Horizontal equity is the idea that people with the same incomes should pay the same taxes. I’ve made some remarks here and there about horizontal equity when trying to explain my view on Pay It Forward. Pay It Forward is a way of funding free higher education by imposing a flat tax on college graduates.
So one of my points on Pay It Forward is that the issue with funding free college with a tax on everyone is not everyone goes to college. In fact, the people who go to college are from disproportionately affluent backgrounds and enjoy disproportionately affluent futures. Given that the way we distribute income is unfairly skewed to the rich as it is, picking a graduate tax over an everyone tax is preferable because it causes the end distribution to be more equal.
But this argument might seem to be contingent purely on unequal income distribution. Suppose we distributed everything equally, then would it make sense to do a graduate tax instead of an everyone tax?
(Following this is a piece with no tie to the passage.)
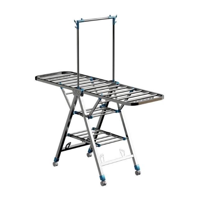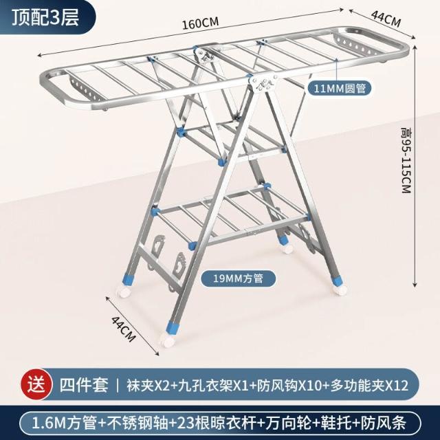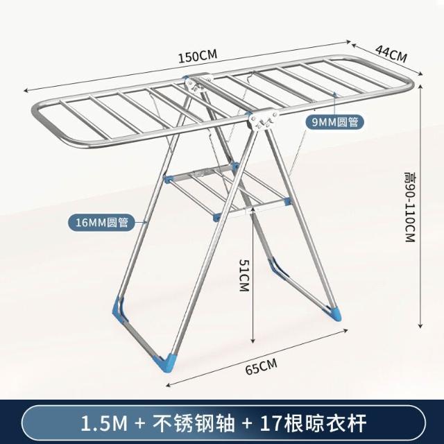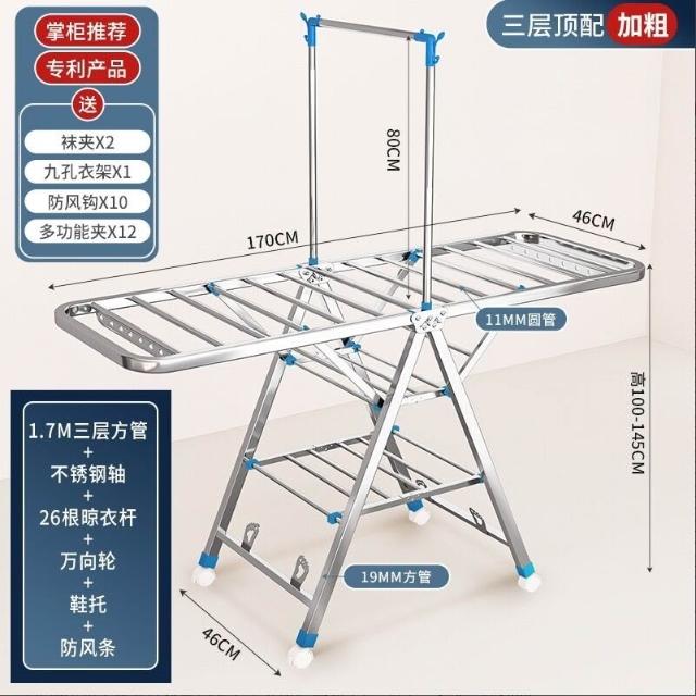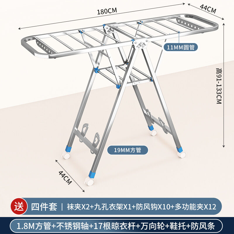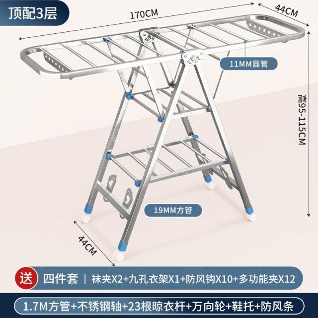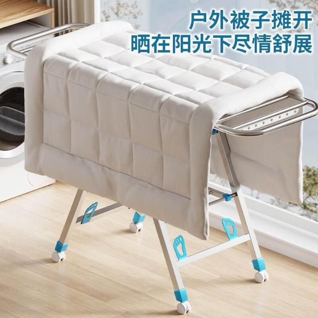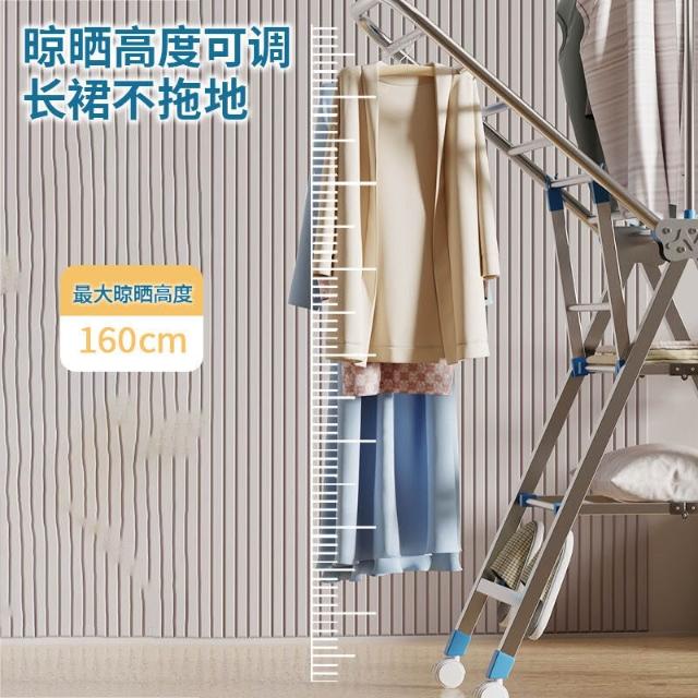 家用晾曬晾衣架不銹鋼折疊落地晾衣架加厚帶滑輪可移動陽臺曬衣架
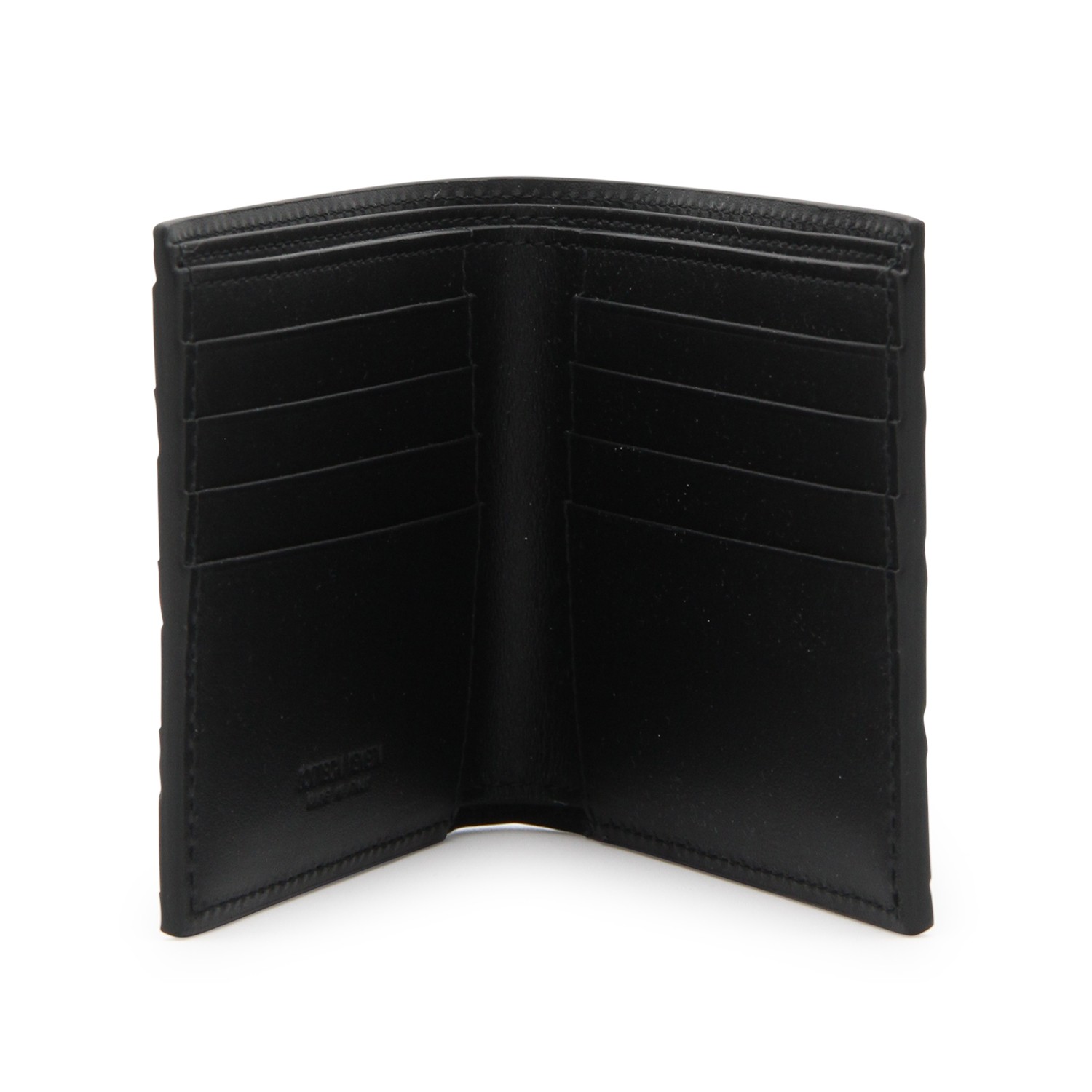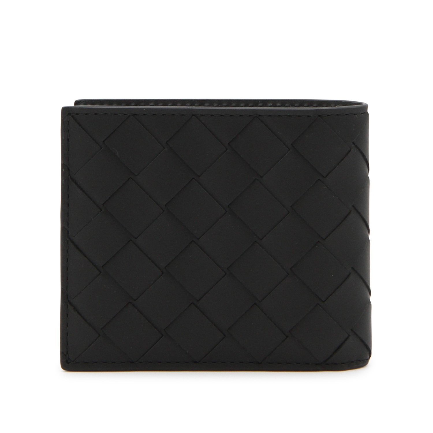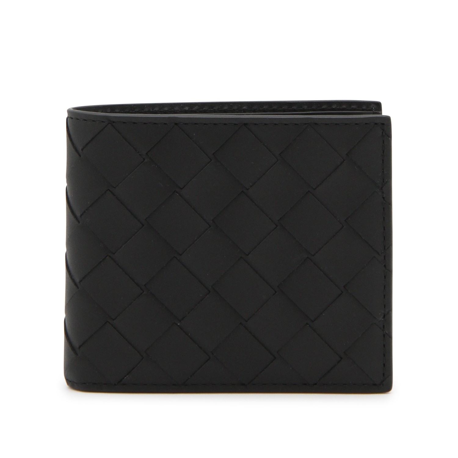 Black leather wallet from Bottega Veneta featuring all-over Intreccio motif, notes compartment and card slots.

Doesn’t the distributive justice point fall out in that case.
I say no, and the reason I say no is because college itself is a form of income in that it dedicates social resources to you. So if you take two people with “equal” incomes, but give one of them college and the other nothing, they don’t actually have equal incomes. The one that went to college has more. Therefore to tax them exactly the same would be an injustice. I called this a horizontal equity issue before in a comment, and explained what I meant, but I think its probably not best called that.
The point is more that I am challenging the claim that if everyone made the same income, except some people had college and some didn’t, that that is actually “everyone made the same income.” It’s not. To make the incomes even, you have to reduce the college person’s non-college income by an amount equal to their college income (i.e. the resources they received in attending the college). This is what a graduate tax does, though for graduates as a class, not each particular graduate.
I think that covers it, but I am hoping the real story will come in the comments here.